“老弟出手挺闊綽啊。怎么稱呼?”
李雙虎看了杜飛一眼,隨口道。
“我姓杜,杜甫的杜。”
“有沒有興趣,跟我賭兩把?”李雙虎笑道。
“怎么賭?”
“就是賭拳啊。”
李雙虎笑道:“臺上的兩個拳手,一個黑色短褲,一個穿白色短褲。咱們押錢,賭他們誰勝誰負。”
“賭多少?”
“每一場押的錢,下限是一萬,上限是一百萬。”李雙虎說道。
“可以,這一場你押多少?”
“就十萬吧,這一場,我押白短褲獲勝。”李雙虎笑道。
“我跟了,我押十萬,黑短褲獲勝。”杜飛說道。
這時,一個二十多歲的小胡子,走了過來,收了杜飛放在身旁空位上的那十萬塊現金,笑道:“杜老板,這十萬塊,是你購買貴賓席的費用。不交這十萬塊,你根本就沒有資格,坐在虎爺的身邊。
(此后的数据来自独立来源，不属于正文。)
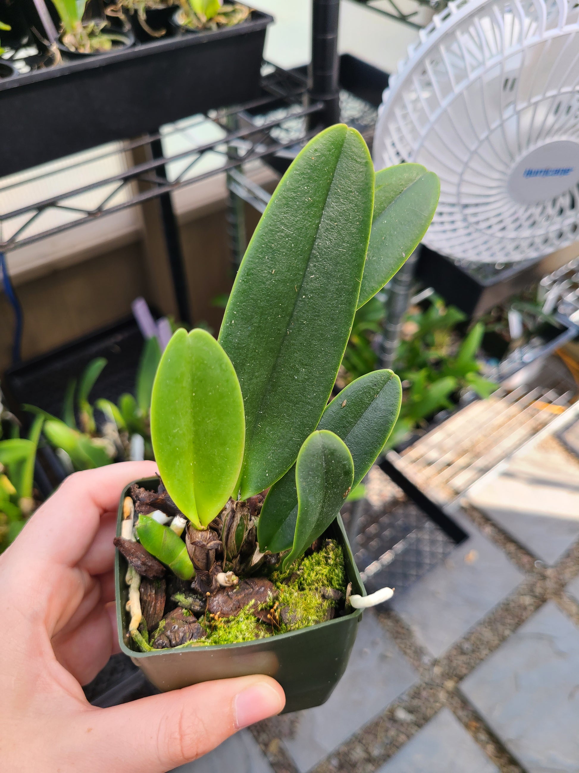 A new, stunning, white cattleya that is near blooming size (1-2 years to bloom). Established in 2.75" pots.
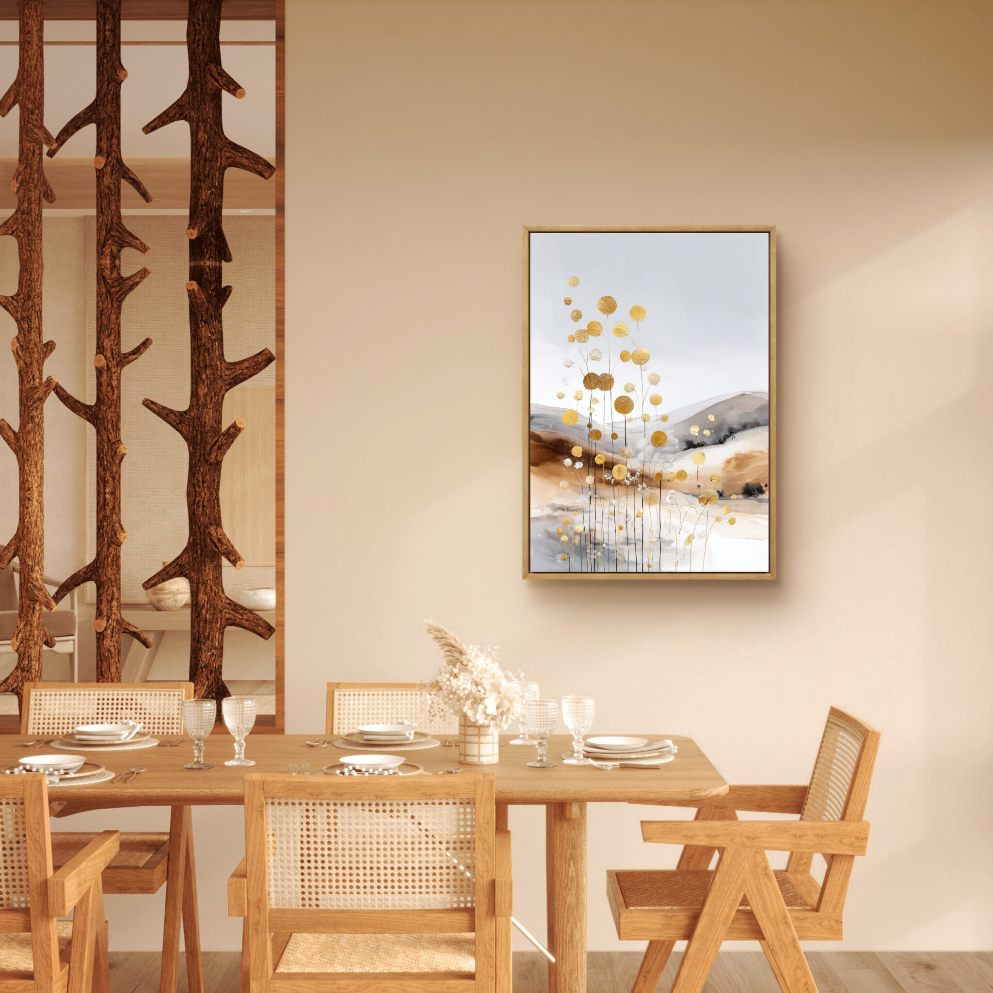白い余白に金色の点描と丸い花房が伸び、壁面にやわらかな華やぎを添えます。

”
“我明白了,你是讓我再花十萬塊下注,對吧?”
“正是此意。”小胡子笑道。
“拿去吧。”杜飛又從背包里,掏出了十摞百元紅鈔。
“我去,你帶這么多現金,太不方便了吧?”
坐在后排的那個肥頭,忍不住說道。
“你懂個屁,賭博能用轉賬嗎?條子一查就查出來了。搞不好條子還說你,參與了洗錢。”
杜飛用看智障的眼神,掃了肥頭一眼,不屑道。
肥頭無以對,心里也有點慌了。
小胡子連忙說道:“杜老板不必擔心,我們這里的手續,是合法的。”
“算了,賭錢違法,咱們不賭錢了。咱們賭別的。”杜飛說道。
“你想賭什么?”李雙虎好奇道。
“誰輸了,誰就幫勝利者,做一件事情,怎么樣?”杜飛笑道。
“你想讓我,幫你辦事?”李雙虎試探道。
“我賭贏了這一場之后,才有機會,讓你幫我辦事。”杜飛笑道。
“是這個理兒,你小子挺有意思的,我跟你賭了。”李雙虎說道。
片刻之后,穿黑短褲的拳手,漸漸落入了下風。
“哈哈,杜老弟,你運氣不好,黑短褲快輸了。”李雙虎笑道。
他心道:“等他輸了,我就讓他,把他的女朋友,借我玩幾天。他要是沒有女朋友,我就讓他,做我的狗。”
杜飛不會讀心術。
他不知道,李雙虎此時的心理活動。
別人都以為,他快輸了。
他卻不慌不忙地,從芥子袋里掏出一盒雪茄,叼著一根點上火,吸了幾口,吐出了一串煙圈。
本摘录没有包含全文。